- Stored data -

====================

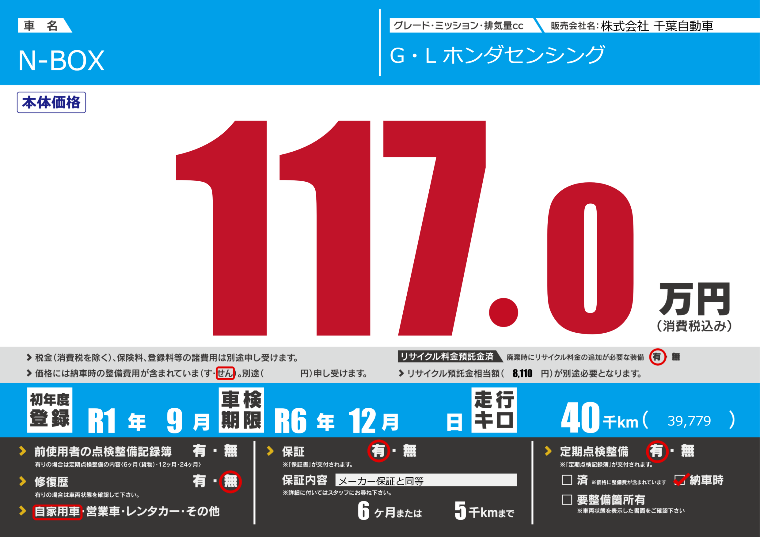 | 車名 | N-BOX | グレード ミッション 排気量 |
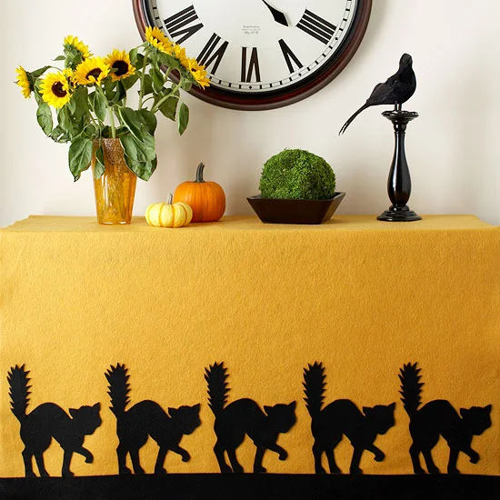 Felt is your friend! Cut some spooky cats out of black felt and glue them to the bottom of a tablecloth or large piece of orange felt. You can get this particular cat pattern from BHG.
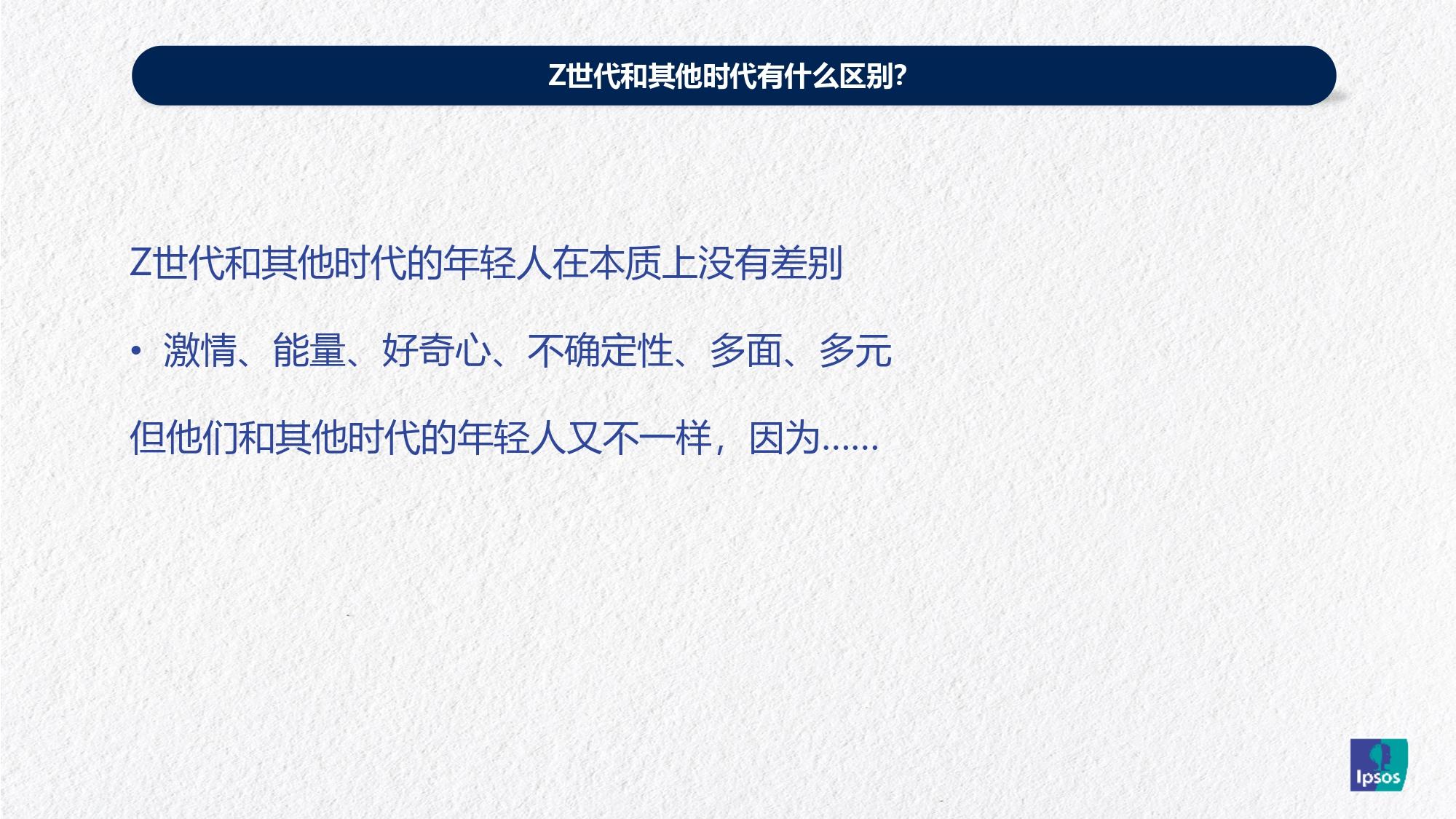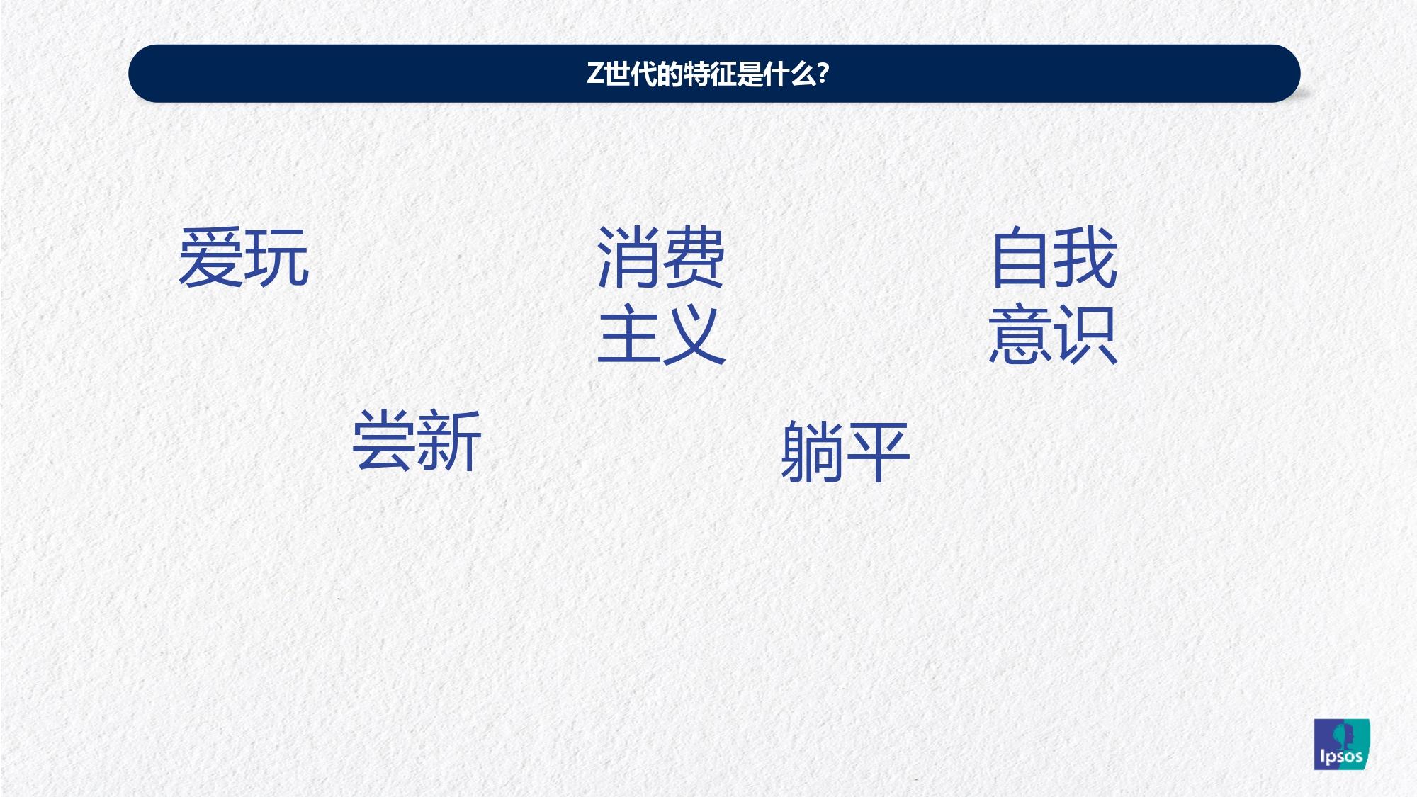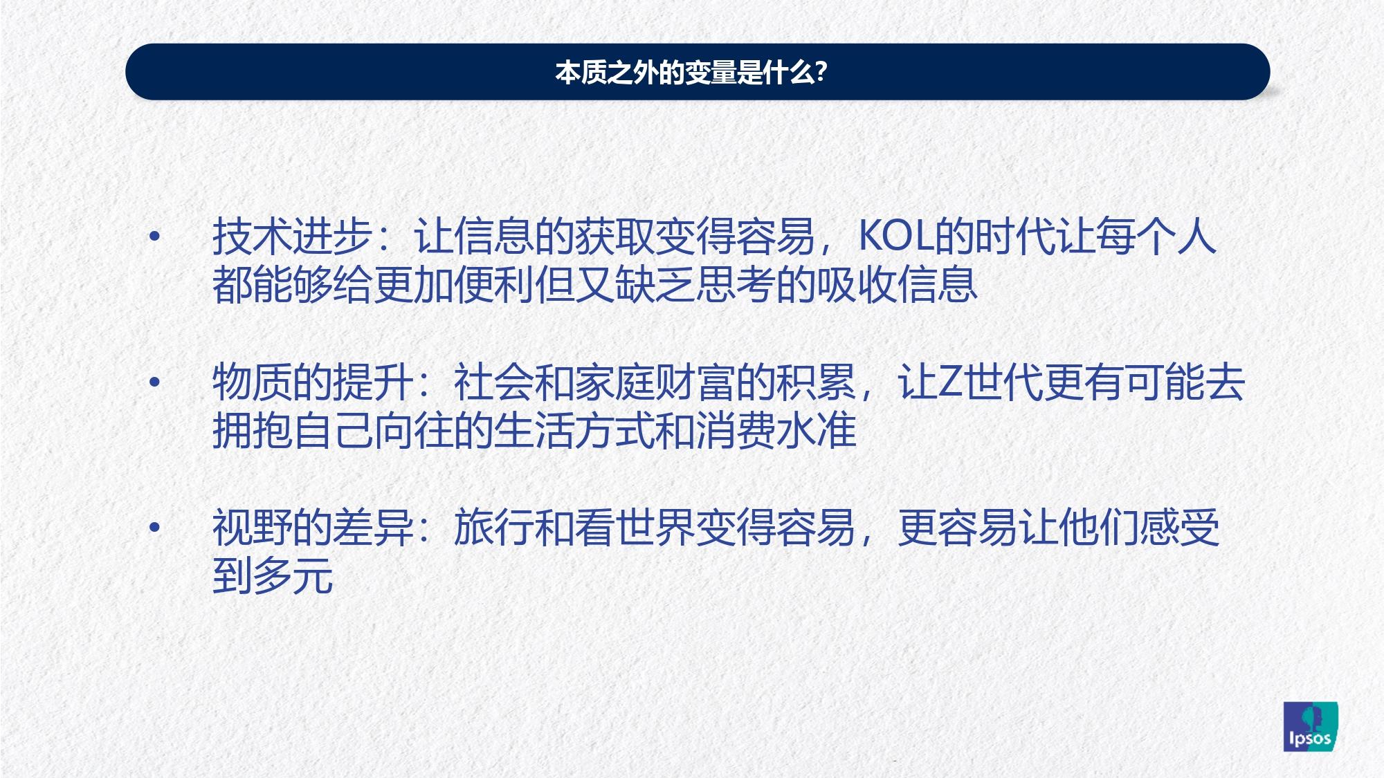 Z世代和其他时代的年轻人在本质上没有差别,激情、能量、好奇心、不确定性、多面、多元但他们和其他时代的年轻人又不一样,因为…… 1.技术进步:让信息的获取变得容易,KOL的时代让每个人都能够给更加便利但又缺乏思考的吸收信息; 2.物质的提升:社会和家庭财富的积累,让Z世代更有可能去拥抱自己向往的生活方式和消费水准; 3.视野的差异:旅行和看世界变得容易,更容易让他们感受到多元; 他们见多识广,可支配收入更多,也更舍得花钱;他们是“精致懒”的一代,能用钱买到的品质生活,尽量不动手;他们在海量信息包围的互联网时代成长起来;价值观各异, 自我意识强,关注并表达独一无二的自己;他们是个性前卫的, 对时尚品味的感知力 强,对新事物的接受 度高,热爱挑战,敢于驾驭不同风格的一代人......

====================

- Problem to solve -
Write out all the material above exactly, with no image carried over.

- Answer to the problem -
 | 車名 | N-BOX | グレード ミッション 排気量 |
 Felt is your friend! Cut some spooky cats out of black felt and glue them to the bottom of a tablecloth or large piece of orange felt. You can get this particular cat pattern from BHG.
 Z世代和其他时代的年轻人在本质上没有差别,激情、能量、好奇心、不确定性、多面、多元但他们和其他时代的年轻人又不一样,因为…… 1.技术进步:让信息的获取变得容易,KOL的时代让每个人都能够给更加便利但又缺乏思考的吸收信息; 2.物质的提升:社会和家庭财富的积累,让Z世代更有可能去拥抱自己向往的生活方式和消费水准; 3.视野的差异:旅行和看世界变得容易,更容易让他们感受到多元; 他们见多识广,可支配收入更多,也更舍得花钱;他们是“精致懒”的一代,能用钱买到的品质生活,尽量不动手;他们在海量信息包围的互联网时代成长起来;价值观各异, 自我意识强,关注并表达独一无二的自己;他们是个性前卫的, 对时尚品味的感知力 强,对新事物的接受 度高,热爱挑战,敢于驾驭不同风格的一代人......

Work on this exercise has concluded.